Python (coremltools)

import coremltools as ct
import numpy as np
from huggingface_hub import snapshot_download

# Download the full .mlpackage bundle.
root = snapshot_download("mweinbach1/parakeet-tdt-0.6b-v3-coreml")

encoder = ct.models.MLModel(f"{root}/encoder.mlpackage",
                            compute_units=ct.ComputeUnit.CPU_AND_NE)
decoder = ct.models.MLModel(f"{root}/decoder.mlpackage",
                            compute_units=ct.ComputeUnit.CPU_AND_NE)
joint   = ct.models.MLModel(f"{root}/joint.mlpackage",
                            compute_units=ct.ComputeUnit.CPU_AND_NE)

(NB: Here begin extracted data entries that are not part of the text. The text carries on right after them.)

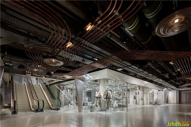 K11 MUSEA地處1910's年代香港主要貨倉碼頭藍(lán)煙囪碼頭舊址,其負(fù)一層空間位于海平面以下,工業(yè)風(fēng)格的裝飾令整層建筑空間本身便呈現(xiàn)出海底工業(yè)遺跡般的獨特視覺感受。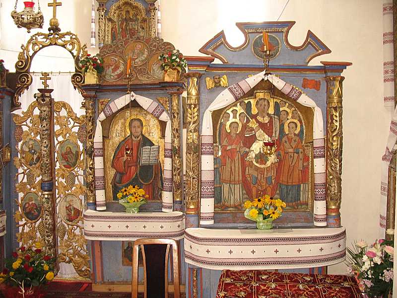 Права частина іконостасу Розмір зображення: 800:600 піксел Фото Зенона Боровця і Богдана Тхора, 6 серпня 2011 р. Вкладені елементи Пророки Мойсей, Ієремія, Даниїл Ікона «Собор архангелів Михаїла і Гавриїла»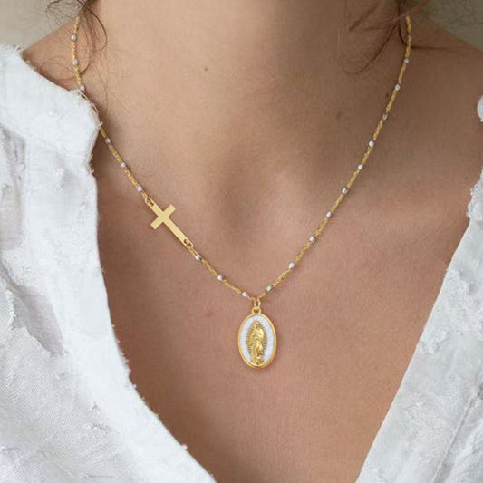 Collar Virgen Guadalupe Blanca + Cruz Dorada & Topos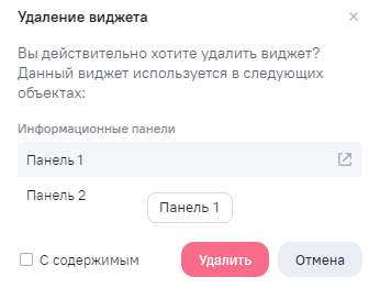 при отсутствии у виджета связанных объектов отобразится окно подтверждения удаления. Чтобы подтвердить действие, нажмите на кнопку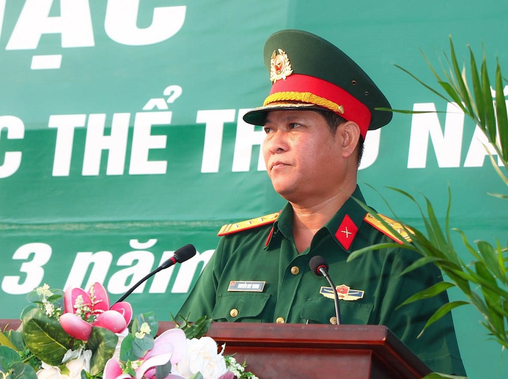Thượng tá Nguyễn Duy Trung - Chỉ huy trưởng Ban chỉ huy Quân sự Quận 3 phát biểu tại lễ khai mạc.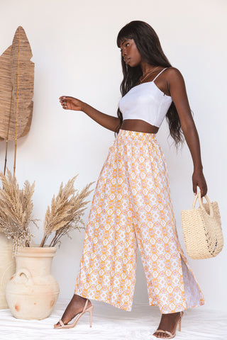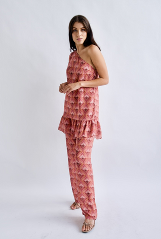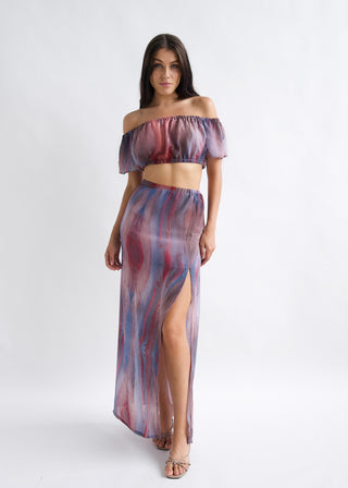 Pencil Skirt Printed Satin and Crop Top Set "Mandu"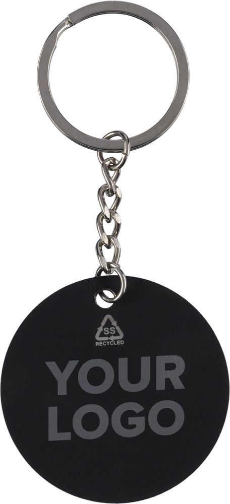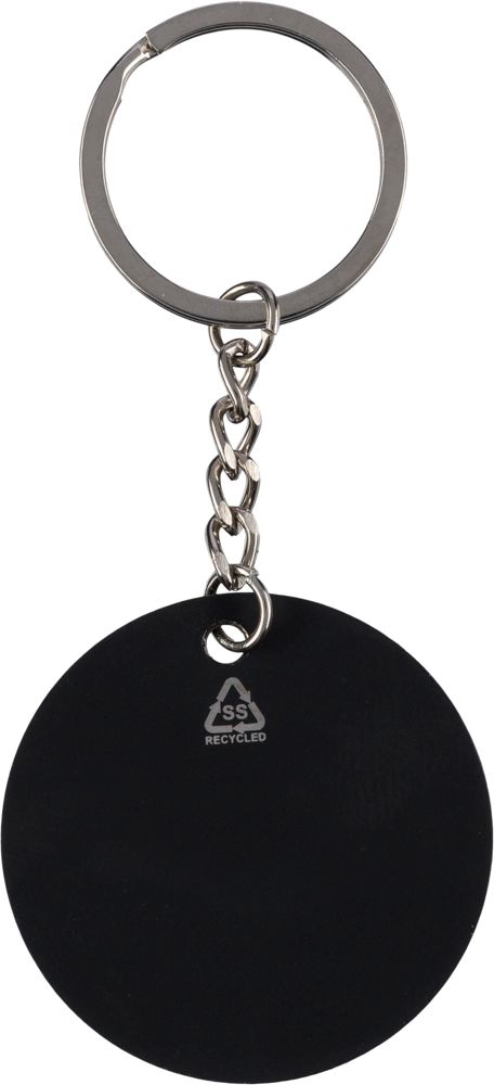 Gerecycleerde roestvrijstalen rubberen sleutelhanger met metalen ring in een ronde voetbalvorm. Voorzien van een gegraveerd gerecycled logo dat na gravering een glanzend spiegeleffect onthult. Per stuk verpakt in een kraftpapieren envelop.

# input_features: float32 [1, T, 128] log-mel (ParakeetFeatureExtractor)
# attention_mask: int32  [1, T]
enc_out = encoder.predict({
    "input_features": input_features,
    "attention_mask": attention_mask,
})
encoder_hidden = enc_out["encoder_hidden"]   # float32 [1, T//8, 640]
encoder_mask   = enc_out["encoder_mask"]     # int32   [1, T//8]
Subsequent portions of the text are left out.